Spicy Butternut Squash & Sweet Potato Soup
(adapted from
GH Cookery Book)
1/2 a medium onion, peeled, diced
small splash (maybe 1 dessertspoonful) olive oil
1 red chili to taste, chopped, seeds in if you feel the need
1/2 tsp if that crushed coriander seeds
1/2 a butternut squash, peeled, deseeded, roughly chopped
1 peeled chopped sweet potato
1 peeled chopped tomato
750ml hot stock
Get the onions all nice and glassy over a medium heat then add the coriander seed and chopped chili, stir fry for about a minute. Add the squash, sweet potato and tomato and continue to stir fry for a few more minutes. Add stock and bubble away for about 20mins until the veggies are soft. Use a stick blender or blender to puree to desired consistency (mind out, it will be hot and hot soup in the cleavage ain't something you will be wanting, I should hope) and serve.

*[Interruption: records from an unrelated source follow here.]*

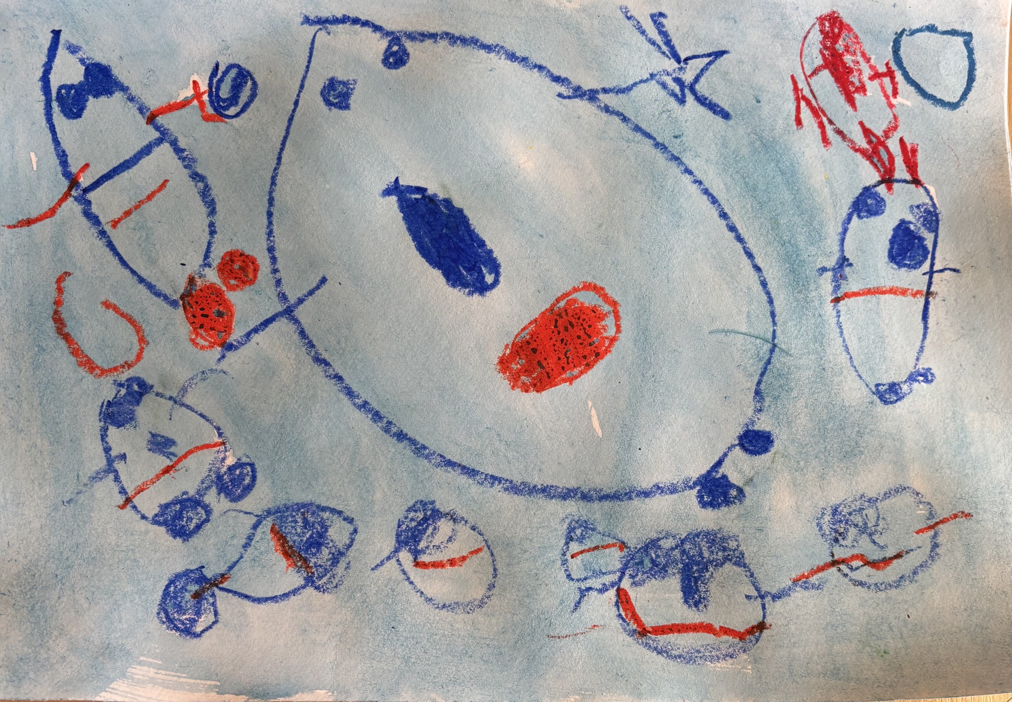 Ūdens pilītes draudzējas. Viņām paīk ka ir viss tīrs. Darbs zīmēts ar vaska krītiņiem un akvateļu krāsām.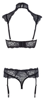 Sensual underwired bra made out of floral lace with decorative rings and adjustable straps in the cleavage area. The adjustable bra straps have beautiful lace details that go over the collarbone and connect to a wide collar. With hook fastener at the back and 2 buttons on the collar. The included lace string has adjustable and removable suspender straps.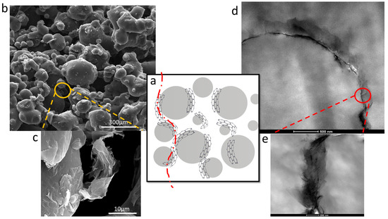 (a) Schematics of the microstructure of the fabricated porous TPU/GE composites (GE content 1.0 wt%), highlighting the percolated GE network at the interparticle boundary (red dashed line). SEM images of the (b) wall structure of the composite, and the (c) GE-wrapped TPU particle surface. (d,e) TEM images of the percolated GE network in the SLS-processed composites.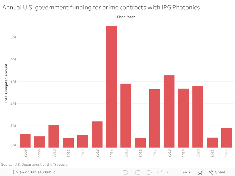 The most recent government agency to contract with IPG is the U.S. Department of Commerce, which purchased a $25,000 laser for the National Institute of Standards and Technology on April 7. The U.S. Navy made two orders in early 2021 with end dates scheduled for March 2, 2022, after Russia had begun its assault on Ukraine. This includes a $750,000 order for the company’s fiber lasers, which were sent to the Naval Surface Warfare Center in Dahlgren, Va. An additional $85,000 order for a laser pulsing shaping system was made by the Navy during this time, an order with a scheduled end date of June. The Navy confirmed the purchases.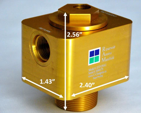 The overflow port allows access to the reservoir air space. In an overflow situation the air space is filled with fluid and can over pressurize the reservoir. When the overflow port is connected to another tote, drum or reservoir the fluid has an escape route preventing over pressurization. The overflow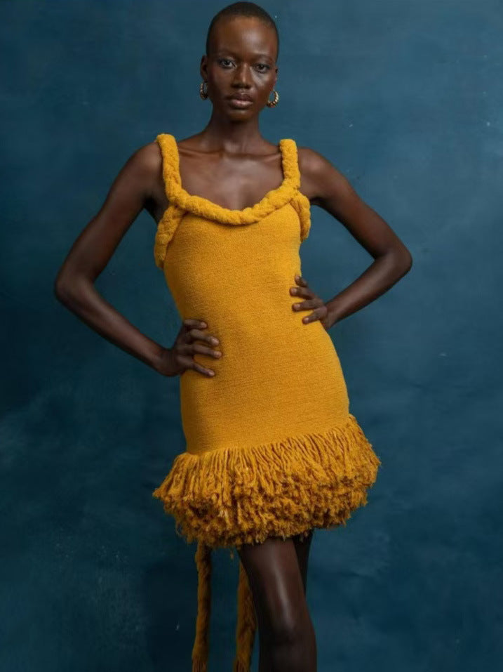 Plataz 2024 Hand-Woven Mahjong Rope Shoulder Strap Tuxedo Skirt Skirt LX0092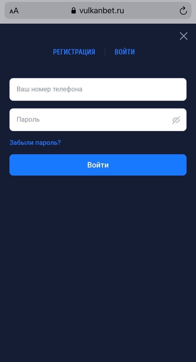 Зарегистрироваться в БК «Вулканбет» можно и с мобильного телефона. Для этого в браузере смартфона нужно перейти на сайт букмекера и нажать кнопку «Вход», которая будет находиться в верхней части экрана, а затем в открывшемся окне выбрать вкладку «Регистрация».

Makes 4 delicate servings/mugfuls at about 100cals each according to GH, who also recommend cheese straws as an side dish. Beautiful colour, tastes creamy but has no cream in it - marvellous.
So what can you do with the other half of the squash? Well roast it really. Then make squash and spinach lasagne. Roast the squash chunks at 200°C for about 40mins until done (I leave the skin on the chunks, it comes off easly when cooked, take the seeds out though) then peel. Make a basic white sauce (25g flour, 25g butter, a pint of milk say, relatively basic stuff) and enrich this with 250g pack ricotta cheese and a dash of grated nutmeg.
Pop the cooked squash into the bottom of a small lasagne dish, dot some frozen leaf spinach portion squares on top then add about 1/3 of the sauce plus no-cook lasagne sheets to cover. Cover that with a suitable amount of ricotta sauce, a generous sprinkle of grated pecorino or parmesan, in that 200°c oven for about 25mins and an easy dinner is yours. Pumpkin has become quite a favourite in Italian cookery, look out for it on menus as a pasta filling. It wasn't always that popular, as like the turnip in the UK, pumpkin is seen as a "poor people's food" and during WWII many lived on it and little else, as it is a very hardy growing plant. However, I love turnips as well, so what do I know?